In re 100% Grated Parmesan Cheese Marketing & Sales Practices Litigation
275 F. Supp. 3d 910
N.D. Ill.2017Background
- Purveyors sold grated parmesan cheese with labels stating 100% cheese while products contained non-cheese ingredients, notably cellulose 3.8%–8.8%.
- MDL consolidated these consumer actions alleging state CPAs, express/implied warranties, and unjust enrichment; multiple defendants included Kraft Heinz, Albertsons, Supervalu, Target, Wal-Mart, ICCO, and Publix.
- Each product listed non-cheese ingredients on the ingredient panel, with front labels claiming 100% cheese; ingredient lists disclosed cellulose and other additives.
- Front-label descriptions are ambiguous; ingredient panels are small, rear-labeled, and provide the actual composition, including cellulose used to prevent caking.
- Court analyzed standing first, then merits; Rule 12(b)(1) motions denied, but Rule 12(b)(6) motions granted, allowing plaintiffs to amend by Sep. 14, 2017.
Issues
| Issue | Plaintiff's Argument | Defendant's Argument | Held |
|---|---|---|---|
| Whether plaintiffs have Article III standing. | Plaintiffs suffered financial injury from overpayment due to non-cheese ingredients. | Standing lacking because injuries are conjectural or not traceable to conduct. | Plaintiffs have standing. |
| Whether CPAs claims are pled to show likelihood of deception. | Labels misled reasonable consumers about 100% cheese content. | Ambiguity and ingredient panel dispel deception; context shows no likelihood of deception. | Claims fail as a matter of law. |
| Whether express warranty claims survive. | Labels promise 100% cheese; consumer reliance on that promise. | Ambiguity of label in context; no specific cheese-only warranty. | Express warranty claims fail. |
| Whether implied warranty of merchantability claims survive. | Product does not conform to the cheese-only promise. | Label-backed use fits ordinary purpose; no breach of merchantability. | Implied warranty claims fail. |
| Whether unjust enrichment claims survive. | Defendants were unjustly enriched by misleading marketing. | No deception; plaintiffs received what was promised on the label. | Unjust enrichment claims fail. |
Key Cases Cited
- In re Aqua Dots Prod. Liab.
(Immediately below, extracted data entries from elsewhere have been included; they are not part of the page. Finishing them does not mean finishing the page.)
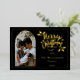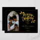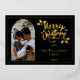 Arched Photo Merry Christmas and Holly on Black Fo Foil Holiday Card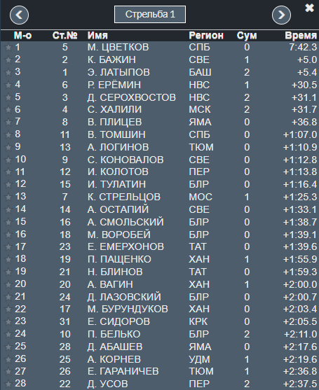 Приветствую Вас, уважаемые любители биатлона! Спартакиада – трансляция из Златоуста. Нам с Вами предстоит увидеть мужскую гонку преследования. Сегодня на старт выйдут все сильнейшие, поэтому будет интересно. Гонку для Вас прокомментирует Даниил Чугунов. И пусть победит сильнейший!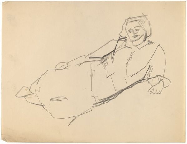 Curator: This is Josef Herman’s sketch, "Reclining Miner," held in the Tate Collection. Editor: The simplicity of the line work gives it such a casual, almost fleeting quality, yet it conveys a profound sense of weariness. Curator: Herman dedicated himself to depicting the lives of working-class people, particularly miners. His work often served as a commentary on social conditions and labor. Editor: Note how the contour lines define the form, suggesting weight and mass with incredible economy. The composition directs the viewer’s gaze to the face, a blank mask of exhaustion. Curator: The lack of detail forces us to consider the universal experience of labor, transcending the individual miner. Editor: Indeed, the stark minimalism evokes a poignant emotional response. Curator: Herman's work serves as a reminder of the dignity and resilience inherent in the working class. Editor: And a reminder of the power of suggestion in art.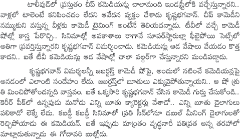 Krishna Bhagvan comments on Jabardast Comedians

Litig., 654 F.3d 748 (7th Cir. 2011) (financial harm supports standing even without physical injury)
- Ebner v. Fresh, Inc., 838 F.3d 958 (9th Cir. 2016) (reasonable consumer standard for deceptive practices)
- Williams v. Gerber Prods. Co., 552 F.3d 934 (9th Cir. 2008) (front-label deception depends on potential misperception; context matters)
- Zlotnick v. Premier Sales Grp., Inc., 480 F.3d 1281 (11th Cir. 2007) (deception requires likelihood of consumer deception)
- Bober v. Glaxo Wellcome PLC, 246 F.3d 934 (7th Cir. 2001) (deception must be likely; not mere possibility)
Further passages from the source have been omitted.